# Hymer habitation check



## fatwallet (May 18, 2006)

Please can any one tell me is there alternative to hymer/brownhills in the uk for the habitation/ingress check if not could you advise me of a company in europe who you would recommend. thank you


----------



## StAubyns (Jun 4, 2006)

lot of threads on this...

http://www.motorhomefacts.com/ftopict-60301-habitation.html+check+cheque

http://www.motorhomefacts.com/ftopict-60789-habitation.html+check+cheque

http://www.motorhomefacts.com/ftopict-56016-habitation.html+check+cheque

just a selection..


----------



## bigfoot (May 16, 2005)

Dave Newell near you in Telford or Peter Hambilton in Preston,Ex-Madisons.
Any good caravan dealer should be able to carry out the work.


----------



## bendog (Apr 15, 2008)

*Hymer damp check*

To comply with the hymer warranty you have to have the proper hymer sticker on service book only available from hymer UK anything else is not vallide.


----------



## Goldwinger (May 10, 2005)

*HYMER HABITATION CHECK*

This year I am having mine carried out at Lowdhams at Huddersfield and they will supply the hymer warranty sticker for the damp test. Jim


----------



## gaspode (May 9, 2005)

fatwallet said:


> could you advise me of a company in europe who you would recommend. thank you


Niesmann Caravanning, Polch, opposite the N&B factory.

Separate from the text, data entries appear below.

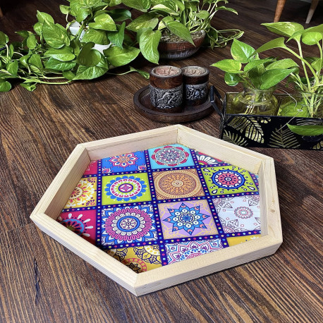 Wooden Mandela Hexa Tray
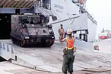 ![]() An M577 command and control vehicle rolls off the Military Sealift Command ship MV Cape Decision | |||||||
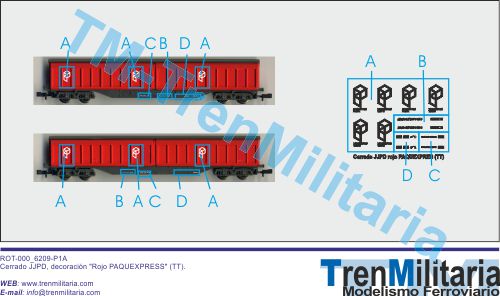 | Referencia TT-RE-000_0017 Vagón mercancías RENFE Cerrado JJPD (TT), en decoración Rojo PAQUEXPRESS | 4,42 € |
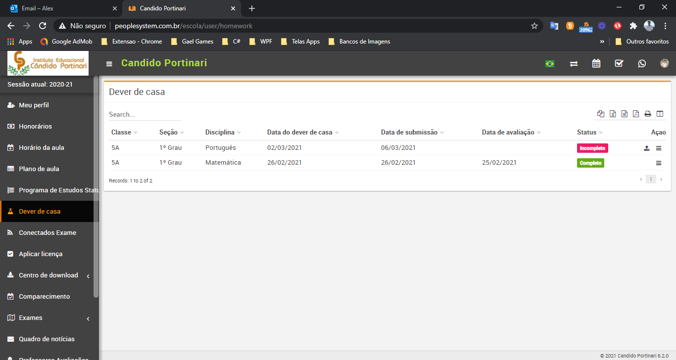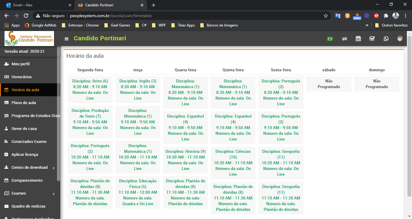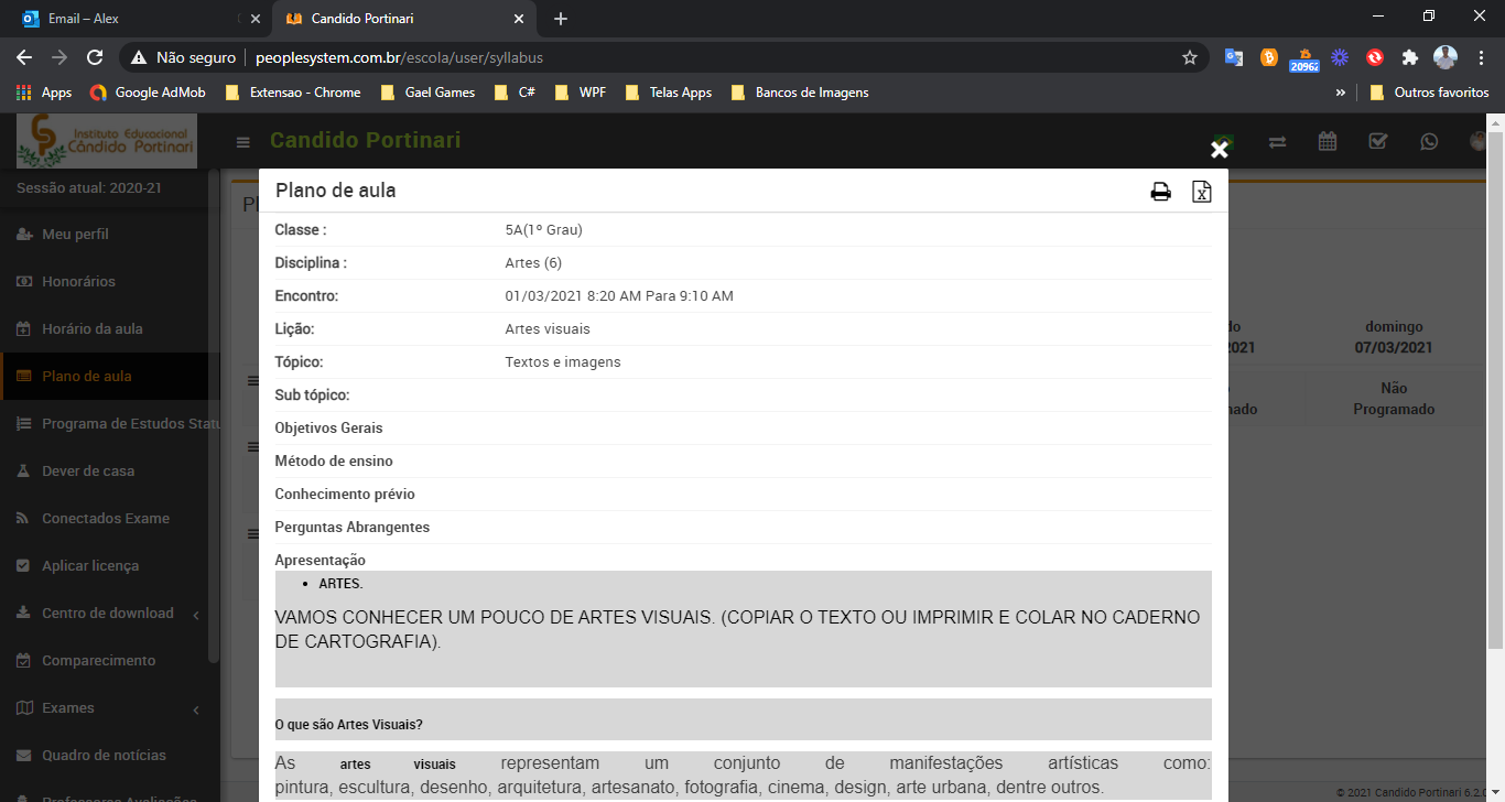 - Acesso Aluno: Contendo o Plano de Aula semanal, controle de lição de casa
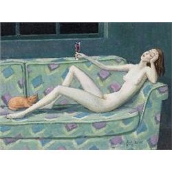 Eli Levin (American, b. 1938), “The Pensive Woman”, c. 1981; tempera/board, 9” x 12”, signed and dated. Santa Fe painter. Levin studied at the University of Wisconsin and the New School for Social Research (Greenwich Village). Levin lived in New York from 1945-60, and in Santa Fe after 1965. He exhibited extensively in the 1970s-80s, and his work is in important public and private collections, including that of Ralph Lauren, Doc Severinson, Tucson Museum, and the Museum of Fine Art, Santa Fe. He specialized in intimate scenes of figures in interiors.
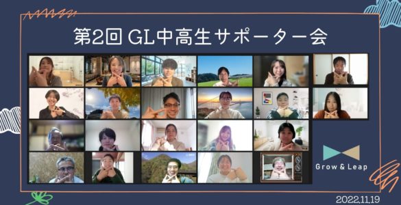 Grow & Leapブログ 第2回GL中高生サポーター会を開催しました! みなさん、こんにちは。GL代表の倉田です!✨2022年11月19日(土)、オンラインにて【GL中高生サポーター会】を開催しました。今回は5月に開催された会に次いで、今年度2回目でした。オンライン上には、リアルタイムで24名が参加してくださり、都合の合わなかった方は録画映像を視聴いただきました。「GL中高生サポーター」とは、「自分と相手の個性を活かし合う幸せな社会を願って、一緒に実現していく」全ての人たちのことをいい、2022年からこの...
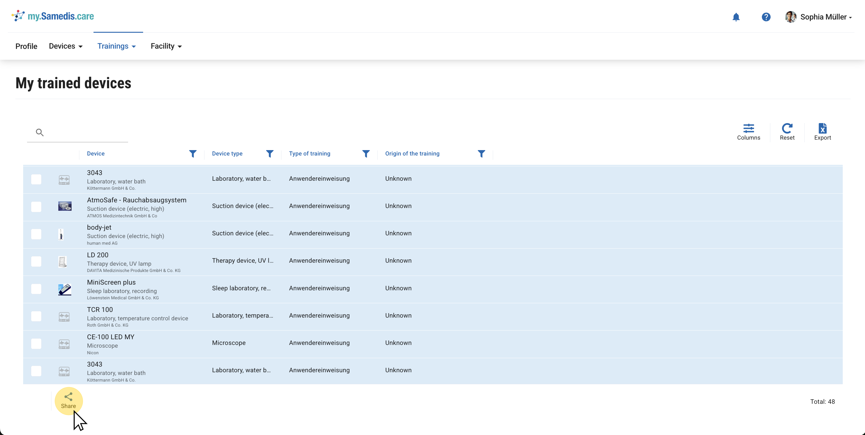 Вы можете выбрать отдельные обучения по устройствам, которыми хотите поделиться с новой организацией, или просто нажать Поделиться. Тогда автоматически будут переданы все релевантные обучения для устройств, которые также есть в вашей новой организации, и вы будете отмечены как обученный в их системе.
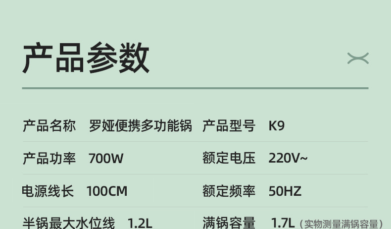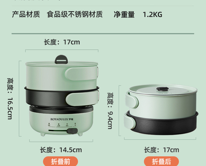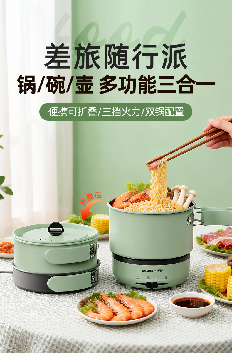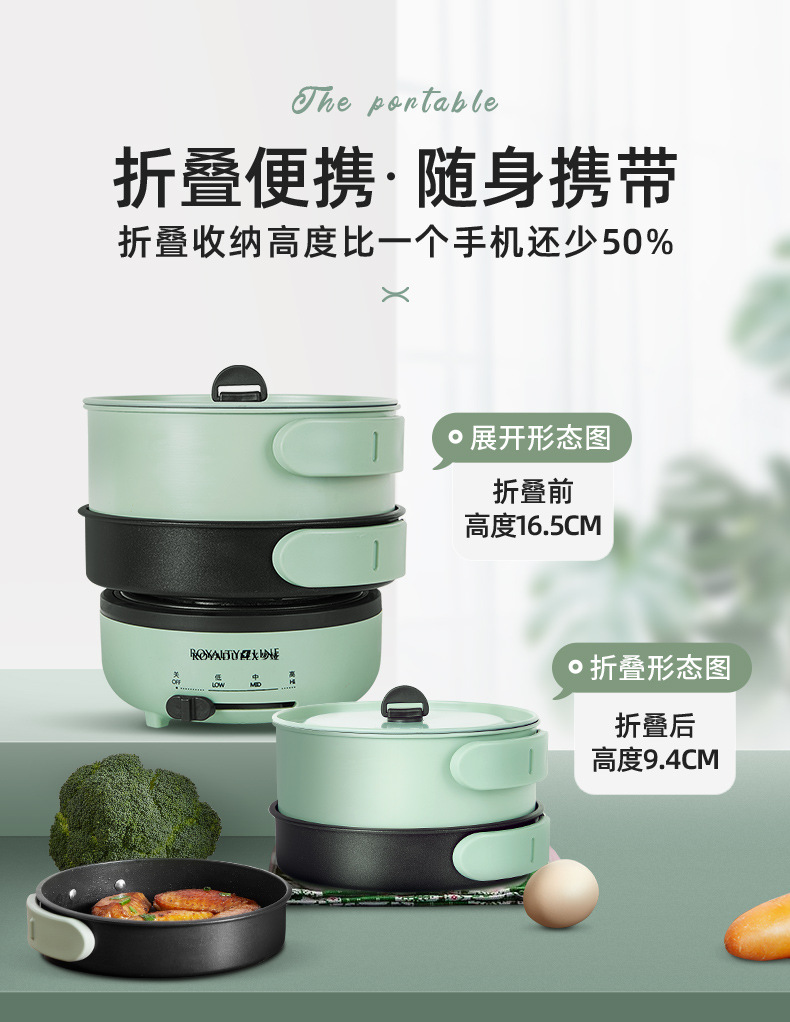 루야 휴대용 접이식 전기 냄비 학생 기숙사 가정용 다기능 전기 조리기 소형 가전 선물
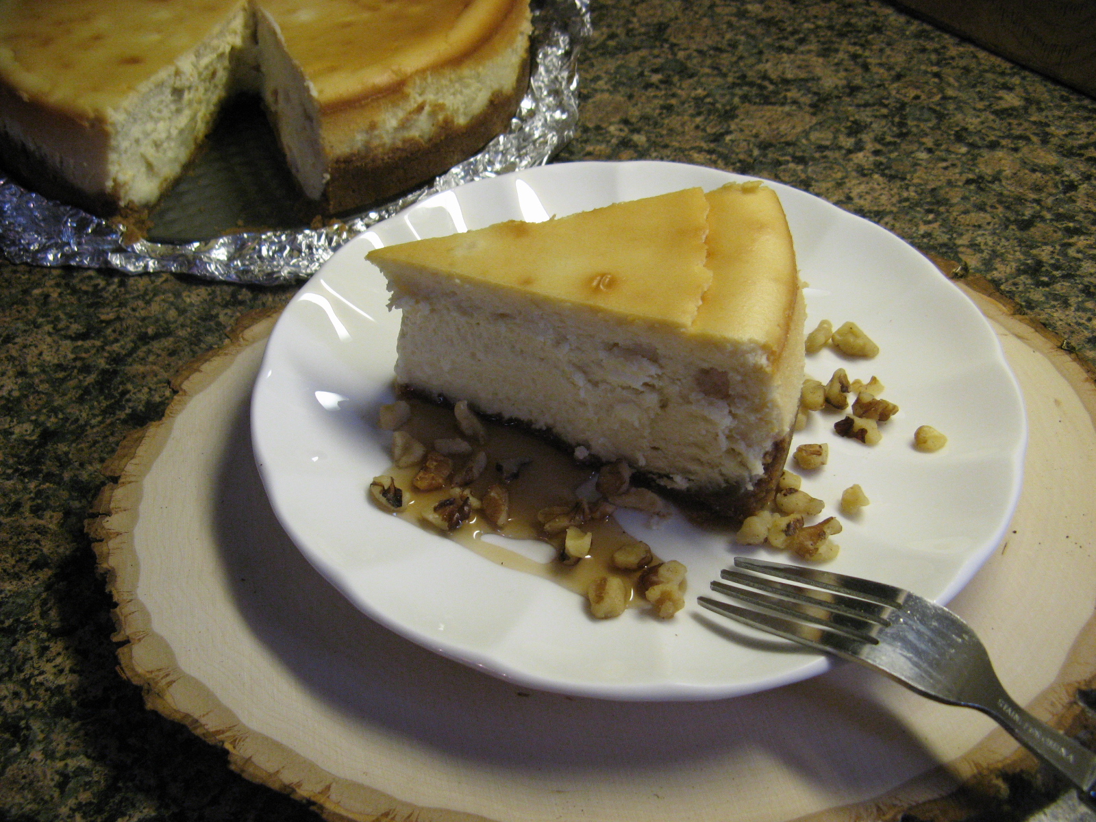 You can pretty much find cheesecake in any flavor these days. Have you ever been to the Cheesecake Factory? Looking at their endless list of options can make you cross-eyed. While there is nothing wrong with the classic, whether you like yours made with ricotta cheese or cream cheese, sometimes you want a cheesecake with an extra hint of flavor and something a little different. Hence me trying out a recipe for a Maple Walnut Cheesecake. Those flavors just seem synonymous with the Fall season and with Thanksgiving just a few days away this may be a good option for you to serve for those guests who are just not into Apple or Pumpkin Pie.

€61 last time we used them, one hour turnaround while you wait, excellent English spoken. Free stellplatz just across the road at the N&B factory.

http://www.niesmann.de/english.html

Stellplatz here:
http://www.motorhomefacts.com/modules.php?name=Campsites&op=display_results&csid=1092


----------



## JockandRita (Jun 1, 2005)

Hi Fatwallet,

Along the same lines as Ken, (Gaspode) we are booked in to Hymer HQ workshops at Bad Waldsee in September for our service and habitation check. Again, there is a free stellplatz opposite. Hymer HQ - Contact

We are "killing more than one bird" on this trip, with a suspension upgrade being done enroute by www.goldschmitt.de

Jock.


----------



## SilverScooby (Jun 21, 2008)

*Re: HYMER HABITATION CHECK*



Goldwinger said:


> This year I am having mine carried out at Lowdhams at Huddersfield and they will supply the hymer warranty sticker for the damp test. Jim


Hi Jim
How much are Lowdhams charging? I think I'll try their Reading branch


----------



## Goldwinger (May 10, 2005)

*hymer>habitation> service*

Silverscooby 
The price is for the hab service on a saturday morning which they charge you the extra hourly rate for staff working £169 which includes the hymer ticket if I remember was £25 I needed it carried out at the weekend so no choice.


----------



## SilverScooby (Jun 21, 2008)

*Re: hymer>habitation> service*



Goldwinger said:


> Silverscooby
> The price is for the hab service on a saturday morning which they charge you the extra hourly rate for staff working £169 which includes the hymer ticket if I remember was £25 I needed it carried out at the weekend so no choice.


Thanks Jim
That definitely makes it worth a trip to Nottingham. (I emailed Lowdhams & its only the Nottingham branch that service Hymer motorhomes).
Brownhills(Swindon) charged me £133 just for the damp test & sticker last year, which I'm still trying to get reduced to the £88 they quoted me....
Phil


----------